Data block: Begin

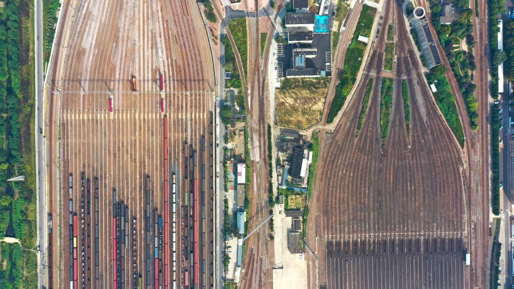 這是2023年9月拍攝的鄭州北站編組場(chǎng)(無(wú)人機(jī)照片)。新華社記者 殷剛 攝
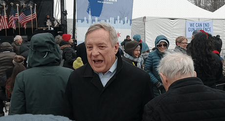 Illinois Sen. Dick Durbin greets people on a cold Chicago afternoon.
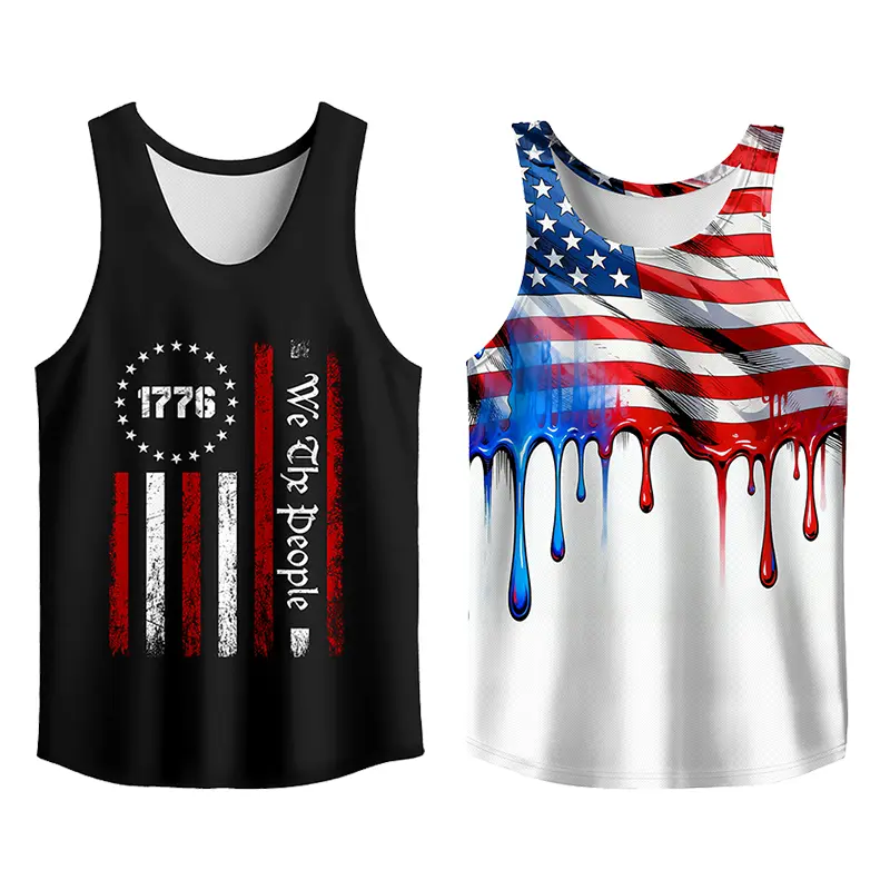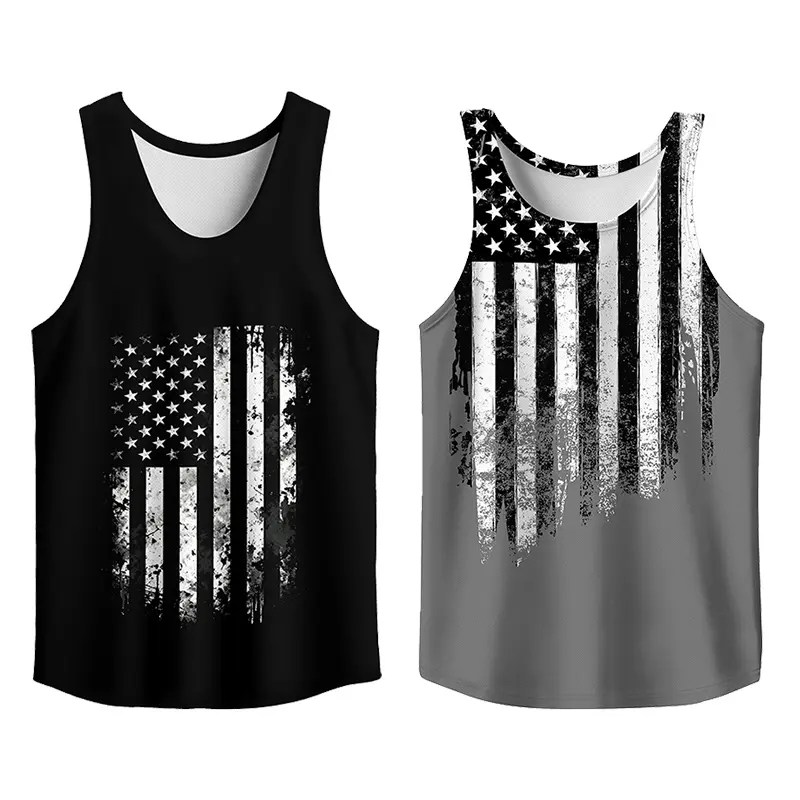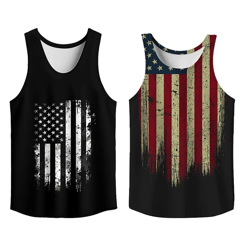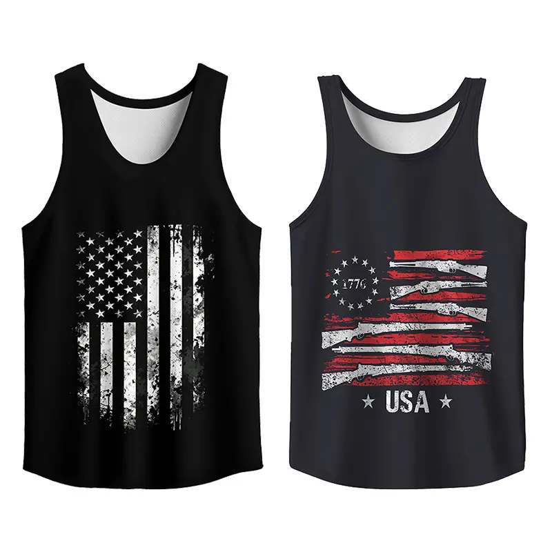Y2K 2 Pack USA Flag Graphic Tees, Menswear Tank Top Slim Fit Apparel, Big and Tall Gym Workout Running Tee, Comfy Casual Sleeveless

Data block: End

• What is being asked
Verbatim output, no pictures: the line holding "Illinois Sen. Dick" and all lines after it through the last line of the material, with nothing else.

• Solved problem
 Illinois Sen. Dick Durbin greets people on a cold Chicago afternoon.
Y2K 2 Pack USA Flag Graphic Tees, Menswear Tank Top Slim Fit Apparel, Big and Tall Gym Workout Running Tee, Comfy Casual Sleeveless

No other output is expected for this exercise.